DENVER (CBS4) – Members of Congress are split over whether to use military force in Syria, and Rep. Mike Coffman, R-Colorado, says he’s not ready to support a military strike.

Coffman told CBS4’s Howard Nathan that President Barack Obama has a tough sell ahead of him. He said he has to be convinced a U.S. military strike in Syria can prevent the Bashar Al-Assad government from using chemical weapons again.

“Well, there are no easy options,” Coffman said.

Coffman says the delay in striking Assad has wasted precious time.

“The Assad government has had all the time in the world to move their assets around so they don’t present themselves as easy targets,” he said.

Coffman is not gung-ho for a strike. Not until it’s proven to him it would not lead to a protracted military engagement.

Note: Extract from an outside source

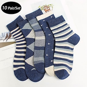 Herren 10 Paare Mehrfachpackungen Socken Laufsocken Freizeitsocken Blau Farbe Gestreift Urlaub Sport & Outdoor Täglich Basic Mittel Frühling Herbst Mode Lässig

He also wonders if Assad is chased from power, what then?

“I’m not sure there are any really good guys out there, that in a vacuum of power it is certainly possible that an al Qaeda-linked organization could surface in its place,” he said.

That’s a concern University of Denver’s Associate Director of Middle East Studies Danny Postel has been monitoring.

“On the ground what you see is a very small presence. The actual numbers of the foreign Jihadi numbers are much smaller, but they’re disproportionately influential. They’re some of the best groups, and so it’s a very murky question,” Postel said.

Postel co-authored a new book “The Syria Dilemma.”

“There are about maybe eight, nine, 10 different positions in the book arguing for intervention, against intervention,” he said.

His favorite idea is creating a safe zone for civilians.

“The key thing is not intervening to topple regimes; it’s intervening to protect civilians,” Postel said.

Postel said Obama has not yet shown Congress the smoking gun that proves Assad is behind the chemical attack. He argues a much stronger case for intervening, somehow, is the 100,000 dead, or crimes against humanity committed by the Assad regime.

Congress votes on an attack Sept. 9.